This may seem cynical, but never do more than you are told to do.
There are two reasons to color inside the lines. First, you expose yourself to risk. When management asks for a feature, you estimate conservatively, keep a log, and blame them when anything goes wrong. When you build in unrequested functionality it’s your neck when something breaks. Or when someone else’s code breaks and they blame it on your maverick code to save face. Unrequested code is presumed guilty even after proven innocent because blame cannot flow anywhere but the author. It’s a safe play for anyone above you in the management chain.
Second, you create more work for others. You may volunteer your time and effort to write unrequested code but other people will have to integrate and maintain it. This is a quick way to make enemies of your coworkers. Your problems become their problems which then makes you a problem for them.
A friend of mine was a developer for a small financial services company.
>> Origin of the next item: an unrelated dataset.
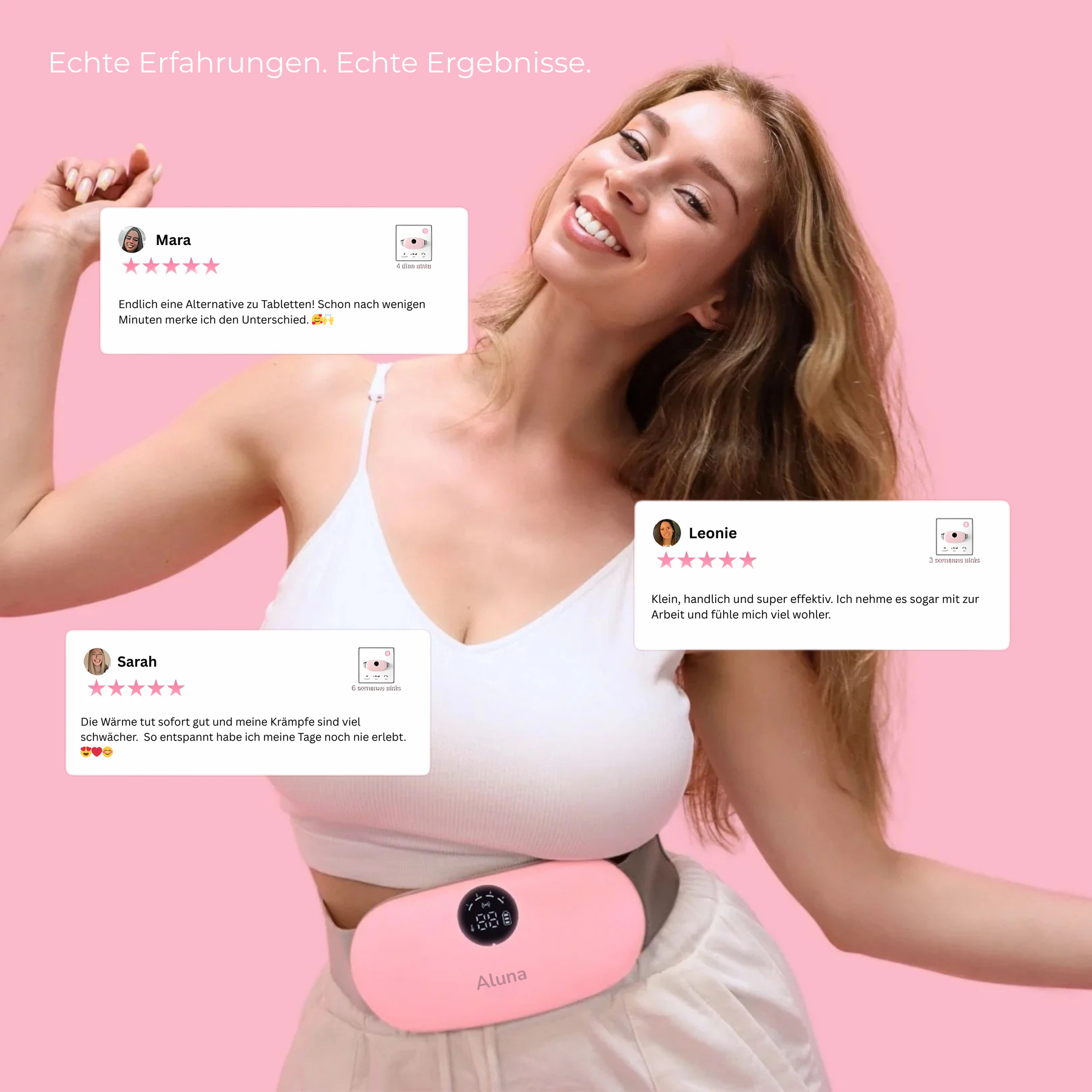 Ob in der Arbeit, beim Entspannen oder unterwegs – Aluna begleitet dich durch die Tage, an denen du dich am meisten nach Ruhe sehnst. Wärme und Vibration lösen Krämpfe, beruhigen und schenken dir Geborgenheit, genau dann, wenn du sie brauchst.

He worked on the back end database for processing all incoming web requests. He inherited a rather naive schema, tortured and twisted with every new feature. The smart thing to do was leave it be and keep shoehorning in functionality. The foolish thing he did was champion a complete rebuild. Being the only half-way competent developer, all the work fell on him. He also had to keep up with his normal workload. He didn’t make a single dime extra since he was paid on salary. Eventually the rebuilt database shipped. He was immediately blamed for three critical production outages over the next few months, only one of them being his fault. He burned valuable social credit with the front end developer who had to integrate changes with an already full schedule. Executives and customers will never even know the difference.
There are exceptions to this rule. Automating existing tasks can pay off big time. Start with a small shell script. Stop when it outgrows the capabilities of bash. A few minutes per day over the course of two weeks resulted in a script that saved my employer two hours of labor per day and eliminated manual errors. If it doesn’t make your job easier leave well enough alone.
An obvious exception is if you’re the guy in charge. Then your job is to implement things as you see fit. Blame for problems falls squarely on your shoulders anyway, as it should. Keep in mind the limits of your authority and discretion.
Another exception is “20% time”. Always work on work projects during this time. Never give them the rights to your personal clever idea or project in exchange for salary you would have gotten anyway. Writing a cool new feature won’t earn you a raise. Refactoring library code won’t get you in too much trouble, if you’re lucky. Career advancement comes through social bullshit and demonstrated skills. Save that inspiration for your Github account where people can do more than just take your word for it. Build your bullshitting skills by selling the normal work you’ve been doing as a new and creative idea when the time comes to show off your 20% efforts.
Taking initiative worked out a few times for me. I got burned more often. Even when it worked out blame flew my way easily. None of the projects benefited my career or earned me any interview points. Nobody cared. They can’t even be maintenanced by remaining staff after I have left. Save your energy, save your ass, save your ideas; don’t do more than requested.